The UK Climate Change Act 2008
The central pillars of the UK Climate Change Act 2008 are legally-binding and evidence/science based targets for reducing emissions of GHGs by 2020 and 2050. The targets correspond with climate science and international and EU commitments, and a series of five-yearly carbon budgets which set maximum UK emissions that are intended to set the UK on a trajectory to meet the 2020 and 2050 targets. A key innovation is the creation of the independent Climate Change Committee (CCC) set up to advise the UK Government and to monitor its progress. The Committee, convened ahead of the implementing legislation, also played an important role in advising the UK Government on the headline 2050 target and carbon budgets, thus removing these sensitive considerations from the influences of day-to-day political decision-making and the influence of special pleading by sectors likely to be impacted by the mid- and long-term emissions pathways. The CCC has also provided detailed responses to the UK Government’s plan for low carbon development, recommending that the UK will require a ‘step change’ in the pace of UK emissions reduction if it is to meet its carbon budgets. Given the nature of the Irish political system, this design element – which has provided a circuit breaker that interrupts undue political pressures that might compromise a rigorous regulatory response based on sound science – is especially applicable here.
As ClientEarth has noted:
By putting a long-term framework into legislation the UK Act can help to overcome the tendency of political and electoral systems to favour short-term approaches. In the UK, specific concerns had been identified where political targets for emissions reductions were not carried through in subsequent action and policy.

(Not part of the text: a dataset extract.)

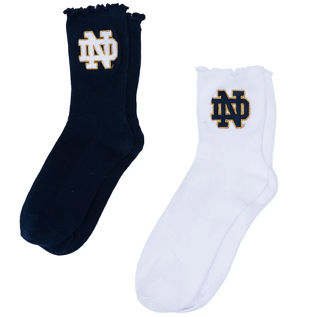 Lot de deux paires de chaussettes mi-mollet blanches/bleu marine ZooZatz pour femmes, motif Notre Dame Fighting Irish
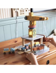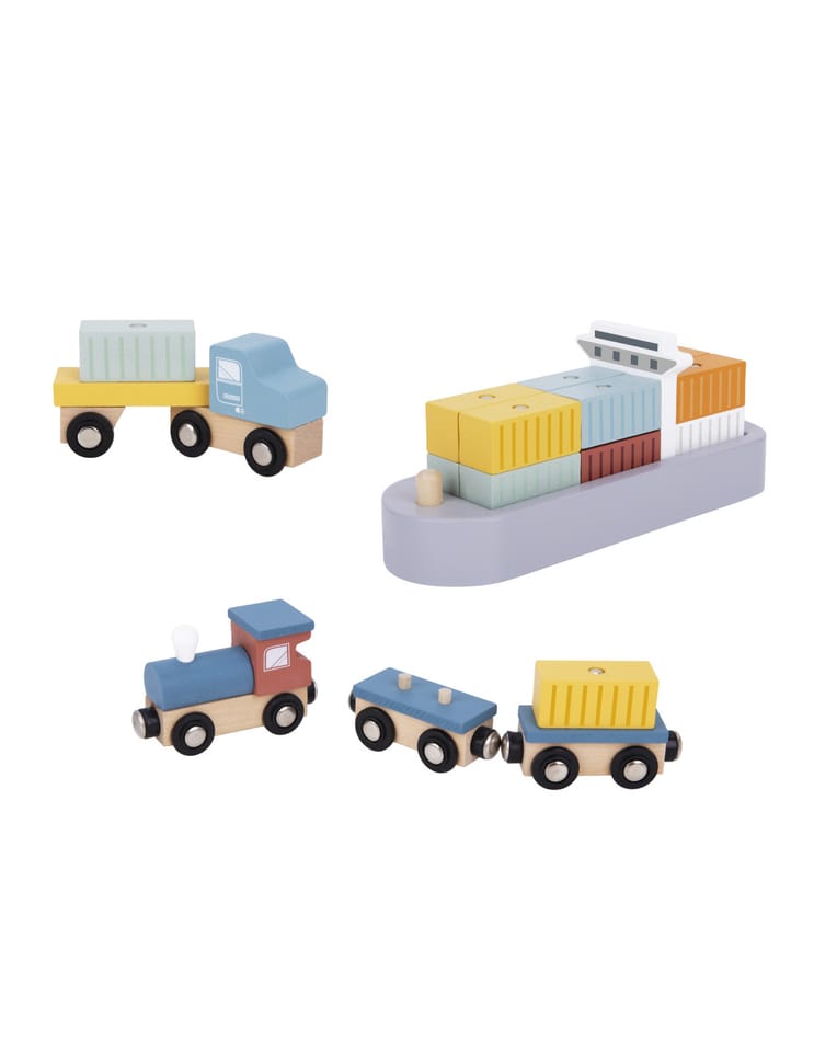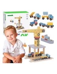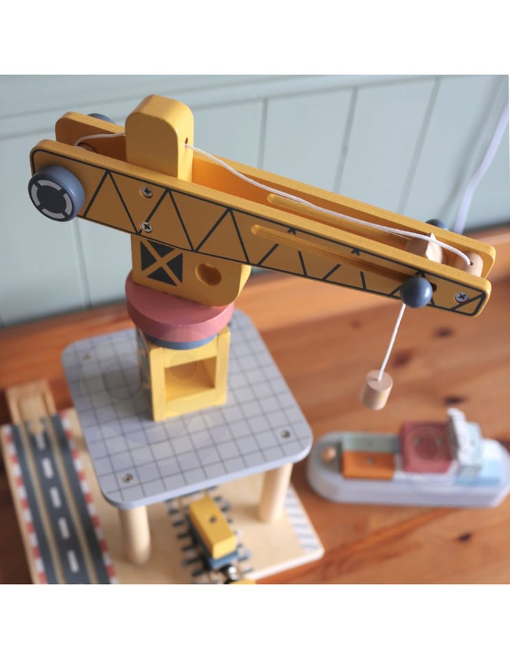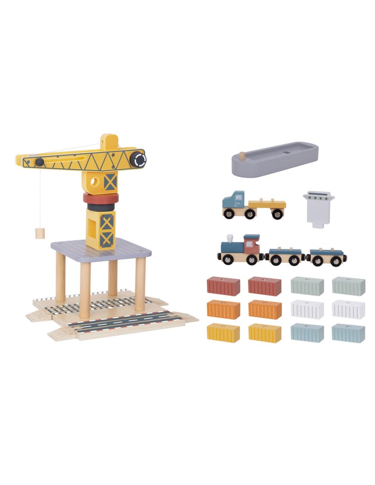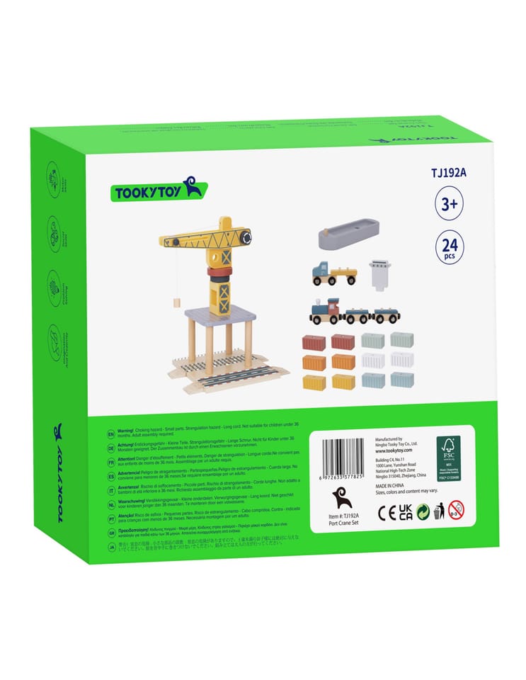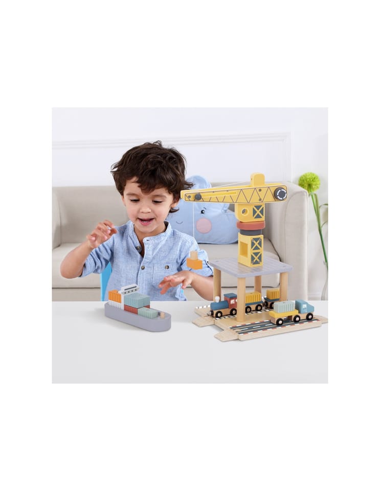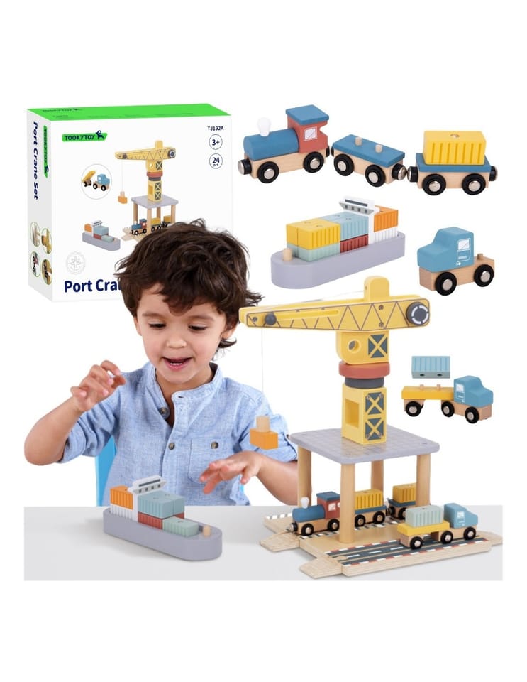 Odkryj fascynujący świat transportu i logistyki z drewnianym zestawem portowym od Tooky Toy! Ta starannie wykonana zabawka przenosi dzieci w sam środek portowego zgiełku, gdzie mogą przeładowywać kontenery za pomocą dużego obrotowego dźwigu, przewozić ładunki pociągiem, ciężarówkami i statkiem. Zestaw zachwyca kolorystyką, solidnością i dbałością o detale, zapewniając długie godziny kreatywnej zabawy, która nigdy się nie nudzi.

Climate change implies unique – long-range & transformative – temporal horizons. The can only be institutionalized through the cultivation of a strong cross-party consensus, shored up by a vibrant civil society and innovative business and investment community.
The UK Act has addressed a concern among NGOs and politicians themselves that certain science-led decisions and some of the implications arising from the need for an economic or industrial transformation arising from climate change be devolved somewhat to a committee of respected expert advisors, while shoring up the role of the legislature in holding the Executive to account. The Act has also begun to address a key business concern insofar as it establishes certainty in relation to climate policy and a legal framework (carbon budgets) that will match long-term investment horizons in new energy infrastructure and energy-intensive industries.
ClientEarth said: “The statutory carbon budgets are the key policy innovation of the Act. Setting the budgets will trigger a chain of actions required of the government including putting forward policies and proposals to meet the budgets. The CCC advises and monitors progress and parliament scrutinises the implementation of the Act.” The core philosophy of the Act, pointing to the intention, is that a built-in series of duties, actions and reports will create the transparency, accountability and political pressure necessary to achieve the purpose of the legislation. ClientEarth notes that the UK has adopted this approach in preference to an enforcement mechanism, and bearing in mind that opportunities for enforcing legal targets and duties through judicial review are very limited.
The ambitious targets and carbon budgets that are a feature of the UK Climate Change Act 2008 are inseparable from the overall intention and design of the UK legislation. This kind of approach would represent a step change in the penetration of climate change policy making within the Irish political system, at all levels. The overall design, including headline targets, an expert-led response to climate science, and a central role for a fully briefed legislature in shoring up the accountability of the Executive, creates momentum and cultivates environmental integrity for a process where targets come to be regarded as allies in driving the process rather than a threat.
The Irish Government’s More Elusive Approach
Arguably, the important difference between the Irish and UK approaches is to be found in their contrasting attitudes to a readiness to face up to the immediate policy implications of a severely climate-constrained mid-century and the opportunity to design legislation that will facilitate a predictable pathway to 2050.
There is a working assumption that the Minister and his Department have resiled from a more ambitious approach to legislative design and targets because they wish to avoid being locked into commitments that may not be deliverable or are not supported by current ‘how to’ (NESC 2013) capacity. It has been reported that the Attorney General’s office is concerned that the inclusion of headline targets in the Bill will result in the Government or a future administration “being hauled into Court”. This has been taken to support a view that legal issues surrounding targets and the question of their justiciability have become a key concern for the Minister and his advisors. This assumption is disputed by the Department of Environment, Community and Local Government.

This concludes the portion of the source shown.